Canada's August jobs showing signs of 'Great Resignation' trend: Indeed.com Economist
Canada’s labor market continued to heal with a stronger-than-expected employment gain in August as businesses ramped up hiring to meet pent-up demand for services after COVID-19 restrictions were lifted.
The economy added 90,200 jobs last month, Statistics Canada reported Friday in Ottawa, topping the 68,200 consensus forecast in a Bloomberg survey. The unemployment rate fell to 7.1 per cent from 7.5 per cent in July.
Friday’s report, which follows a gain of 94,000 in July and 231,000 in June, depicts a labor market that strengthened over the summer as high vaccination rates allowed businesses to reopen and hire back staff. It may also quell fears that generous support programs from Prime Minister Justin Trudeau’s government kept some workers from seeking employment.
“This is still the reopening story,” Veronica Clark, an economist with Citigroup Global Markets Inc., said on BNN Bloomberg Television.
The Canada dollar was little changed after the report, holding gains from earlier in the day that had the currency up 0.5 per cent to $1.2597 per U.S. dollar as of 9:38 a.m.
Strong jobs numbers are a bit of good news Trudeau, 10 days before an election. He’s locked in a tight race with Conservative challenger Erin O’Toole, who has criticized the government’s pandemic response programs, saying they need to be “adapted” to changing employment conditions while remaining available in hard-hit sectors.
“The facile answer that many give is we are competing against” the support programs, Rocco Rossi, president and CEO of the Ontario Chamber of Commerce, said by phone. “What’s also at play is after 18 months, being told there is something looking to kill you. There is a lot of hesitation from a safety standpoint.”
The overall gain in August pushed employment in the service sector back to its pre-COVIDlevels. Industries hardest hit by the pandemic, such as accommodation and food services, led gains. Most of the increase was concentrated in full-time employment, which grew by 68,500, while part-time employment was up 21,700.
In a speech Thursday, Bank of Canada Governor Tiff Macklem said the bounce-back in employment over the summer underscores how the “unevenness” in the labor market is moderating after the pandemic hit low-wage workers particularly hard.
Policy makers argue employment will need to surpass pre-pandemic levels before a complete recovery is achieved, because the population has grown since the start of the crisis. The better-than-expected jobs numbers reinforce expectations the bank will reduce its purchases of government bonds in October, a signal the recovery is progressing.

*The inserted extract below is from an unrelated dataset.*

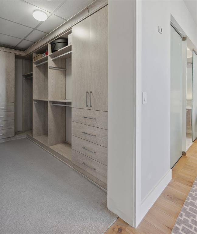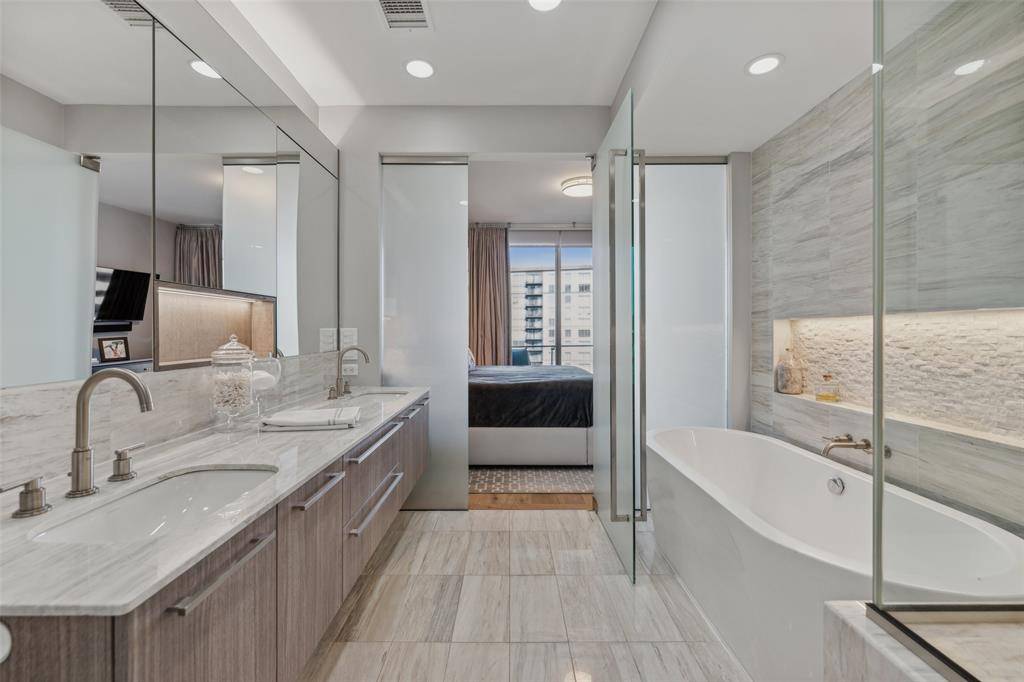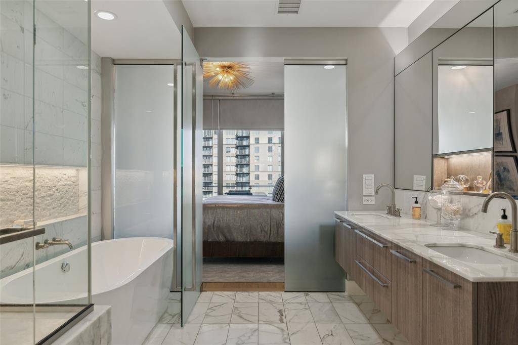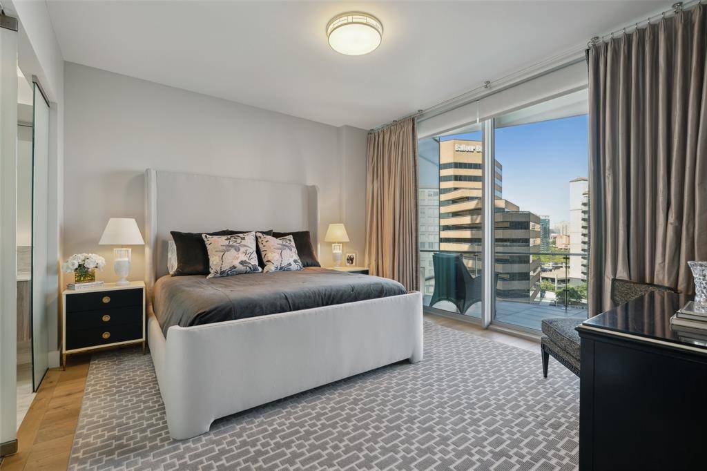 Step into this light-filled, sophisticated Bleu Ciel residence, beautifully designed by interior designer Tobi Fairley. The open, airy layout is complemented by an expansive balcony that seamlessly blends indoor and outdoor living, featuring a cozy fireplace and stunning Northeast views of the Dallas —perfect for entertaining or simply relaxing. This home boasts several thoughtful upgrades, including custom window treatments, designer lighting, and California Closets in both bedrooms and the laundry room, optimizing storage and space. Located in the vibrant heart of the Harwood District, you're just steps away from top-tier dining, shopping, Uptown, Klyde Warren Park, the Arts District, and Downtown Dallas.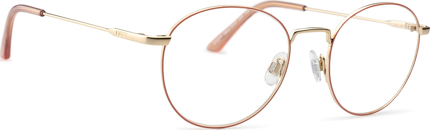 - A cor rosa da armação combina perfeitamente com um tom de pele claro e um cabelo castanho ou loiro claro.

What Bloomberg Economics Says...
“As for a rate hike, we still favor a move in the first quarter of 2023 as a baseline, with risks tilting toward an earlier move if the job market navigates the fall and winter quarters without a serious stumble.”
--Andrew Husby, economist
“This report should bring some comfort to the BoC that the surprise contraction in July GDP doesn’t reflect the true momentum in the economy,” Benjamin Reitzes, rates and macro strategist at Bank of Montreal, said by email.
The hiring last month brings Canada employment within 156,000 jobs of pre-pandemic levels. Hours worked were little changed, up 0.1 per cent in August from last month.
In the U.S., job growth slowed in August, reflecting fears around the rapidly spreading delta variant and difficulty in finding workers. With Canada also in another COVID wave, economists anticipate rising cases will curb growth in the fall.